Die gefährlichsten Stoffe sind bereits durch die Stockholmer POP-Konvention weltweit geächtet. Das Vertragswerk verbietet Produktion und Anwendung von speziellen langlebigen Chemikalien (Persistent Organic Pollutants, kurz POP), die sich in der Nahrung anreichern. Zunächst waren zwölf Substanzen – darunter DDT und PCB – gelistet, das „dreckige Dutzend“. 2009 kamen bestimmte bromierte Flammschutzmittel (Polybromierte Diphenylether, kurz PBDE) hinzu. Seit Mai dieses Jahres ist zudem das Flammschutzmittel HBCD (Hexabromcyclododecan) weltweit verboten, allerdings mit einer einjährigen Übergangsfrist für den Hauptanwendungsbereich Dämmstoffe. Das Umweltgift steht im Verdacht, die Fortpflanzung zu schädigen. Weltweit werden jährlich mehrere Hunderttausend Tonnen Flammschutzmittel eingesetzt. Heute werden andere, weniger giftige chlor- oder bromhaltige Substanzen verwendet, die neuartigen Flammschutzmittel. Aber auch diese wies Roxana Sühring in den Aalen nach: sowohl in Jungtieren in den Flussmündungsbereichen als auch bei flussaufwärts gewanderten, ausgewachsenen Tieren. Selbst die längst verbotenen PBDE fanden sich flussaufwärts.

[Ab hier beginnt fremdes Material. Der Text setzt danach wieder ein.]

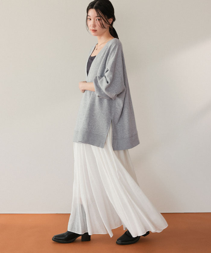 ・サイドスリット入りで抜け感もあり、パンツはもちろんスカートも合わせやすいデザイン
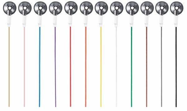 The Ambu Neuroline cup electrode is available in a variety of patient ready packaging configurations; 10, 15, 23, 25 and 27 unit pouches. The packaging options allow for the choice of only one pack per clinical application. The color coded, pre-attached lead wires facilitate easy identification of each cup electrode.

Nun holte die Chemikerin auf dem Messboot „Storch“ Proben vom Flussgrund an Bord, um der Altlast auf die Spur zu kommen. Dabei konzentrierte sich das insgesamt dreiköpfige Wissenschaftlerteam auf potenzielle Belastungsschwerpunkte wie die Mündungsbereiche von Nebenflüssen oder Einläufe von Kläranlagen.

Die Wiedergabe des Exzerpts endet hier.